The side effects of spending funds on these mega projects is also something to consider. NASA spending has created a huge pile of technologies that we use day to day: https://en.wikipedia.org/wiki/NASA_spin-off_technologies.
Maybe if we'll get rack-sized fusion reactors out of it, I will consider the AI/Datacenter spending craze in the same light as NASA projects. Until then, they are rich kids' vanity projects and nothing more.
> NASA spending has created a huge pile of technologies that we use day to day
We're a little too early to know if that's the case here too.
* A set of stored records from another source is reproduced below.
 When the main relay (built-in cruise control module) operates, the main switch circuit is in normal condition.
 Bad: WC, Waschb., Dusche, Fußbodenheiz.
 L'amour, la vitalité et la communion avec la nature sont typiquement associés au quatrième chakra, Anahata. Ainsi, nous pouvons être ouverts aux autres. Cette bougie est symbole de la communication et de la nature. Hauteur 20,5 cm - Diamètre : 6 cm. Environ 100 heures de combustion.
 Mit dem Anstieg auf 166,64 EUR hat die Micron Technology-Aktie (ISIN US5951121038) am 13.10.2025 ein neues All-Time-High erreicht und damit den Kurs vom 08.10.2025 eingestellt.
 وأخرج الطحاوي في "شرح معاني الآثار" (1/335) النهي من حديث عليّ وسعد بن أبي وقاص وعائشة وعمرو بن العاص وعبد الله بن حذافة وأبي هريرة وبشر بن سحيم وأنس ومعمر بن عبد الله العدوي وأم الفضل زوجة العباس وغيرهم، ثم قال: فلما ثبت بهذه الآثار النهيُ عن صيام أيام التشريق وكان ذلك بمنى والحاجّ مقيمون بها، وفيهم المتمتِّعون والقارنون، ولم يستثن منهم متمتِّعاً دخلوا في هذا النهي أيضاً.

I do foresee a chance at a reality where AI is a dead end, but after it we have a ton of cheap GPU compute lying about, which we all rush to somehow convert into useful compute (by emulating CPU's or translating traditional algorithms into GPU oriented ones or whatever).
If all AI progress somehow immediately halted, the models that have currently been built will still have more economic impact than the Internet.
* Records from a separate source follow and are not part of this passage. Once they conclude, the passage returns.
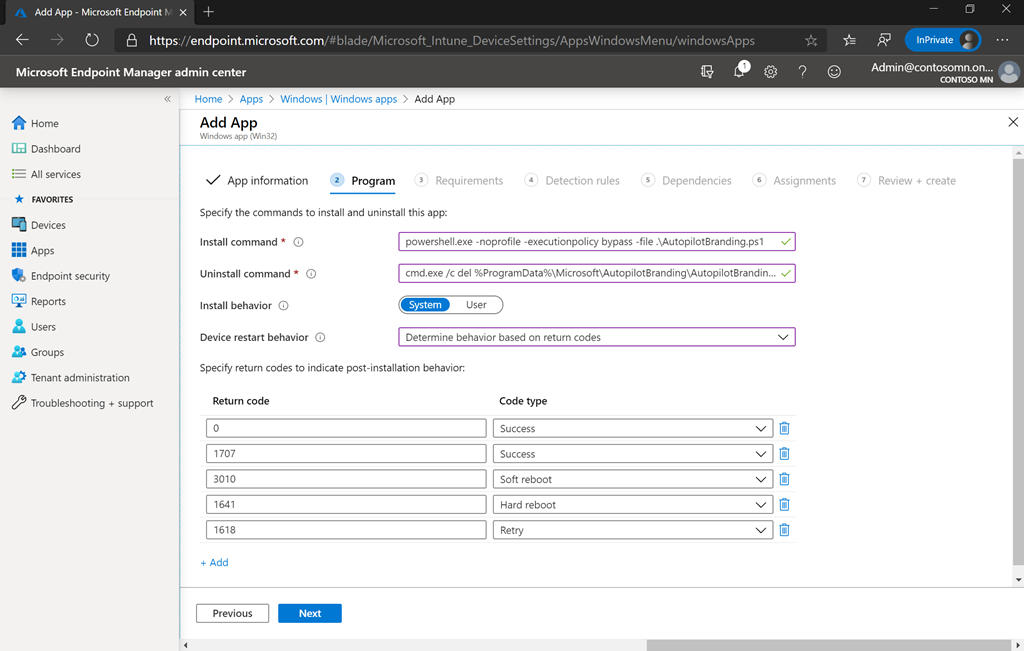 Install command: powershell.exe -noprofile -executionpolicy bypass -file .\AutopilotBranding.ps1
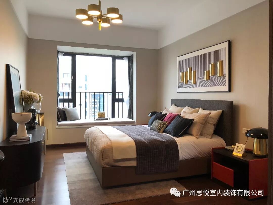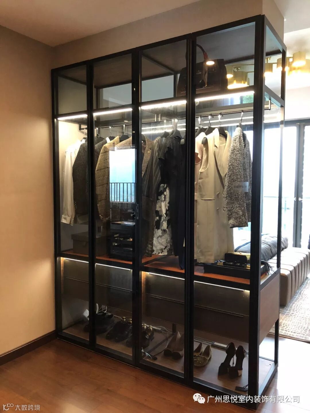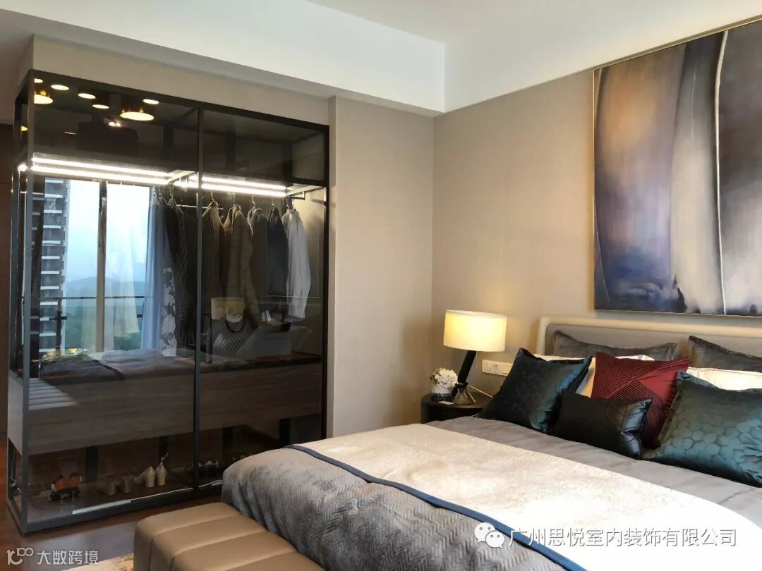 整体以温馨舒适为主,利用玻璃衣柜提升整个空间的品质感。
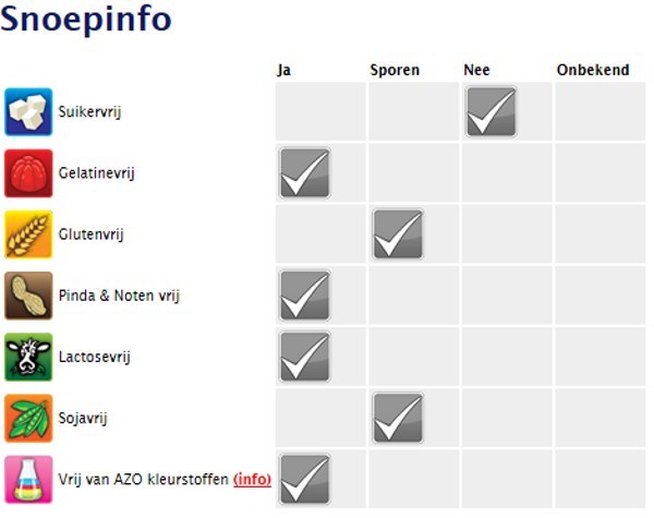 suiker, glucosestroop, maiszetmeel, voedingszuur (E296, E297, E330), water, aroma's, kleurende levensmiddelen (concentraat van: spirulina, saffloer), kokosolie, glansmiddel (E901, E903, E904), kleurstoffen (E100, E120, E171).
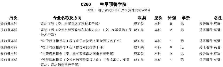 湖北高考網(wǎng)獲悉,2015年空軍預警學院在湖北省招生計劃如下:

Not least because the slower the frontier advances, the cheaper ASICs get on a relative basis, and therefore the cheaper tokens at the frontier get.
We have a massive scaffolding capability overhang, give it ten years to diffuse and most industries will be radically different.
Again, all of this is obvious if you spend 1k hours with the current crop, this isn’t making any capability gain forecasts.
Just for a dumb example, there is a great ChatGPT agent for Instacart, you can share a photo of your handwritten shopping list and it will add everything to your cart. Just following through the obvious product conclusions of this capability for every grocery vendor’s app, integrating with your fridge, learning your personal preferences for brands, recipe recommendation systems, logistics integrations with your forecasted/scheduled demand, etc is I contend going to be equivalent engineering effort and impact to the move from brick and mortar to online stores.
You have to agree that it's totally possible that none of those things you are envisioning getting built out actually end up working as products, right?
AI (LLM) progress would stop, and then everything people try to do with those last and most capable models would end up uninteresting or at least temporary. That's the world I'm calling a "dead end".
No matter how unlikely you think that is, you have to agree that it's at least possible, right?
> then everything people try to do with those last and most capable models would end up uninteresting
I believe that some of my made up examples won’t end up getting built, but my point is that there is _so much_ low hanging fruit like this.
Of course, anything is _possible_, but let’s talk likelihood.
In my forecast the possible worlds where progress stops and then the existing models don’t end up making anything interesting are almost exclusively scenarios like “Taiwan was invaded, TSMC fabs were destroyed, and somehow we deleted existing datacenters’ installed capacity too” or “neo-Luddites take over globally and ban GPUs”, all of this gives sub-1% likelihood.
You can imagine 5-10% likelihood worlds where the growth rate of new chips dramatically decreases for a decade due to a single black-swan event like Taiwan getting glassed, but that’s a temporary setback not a permanent blocker.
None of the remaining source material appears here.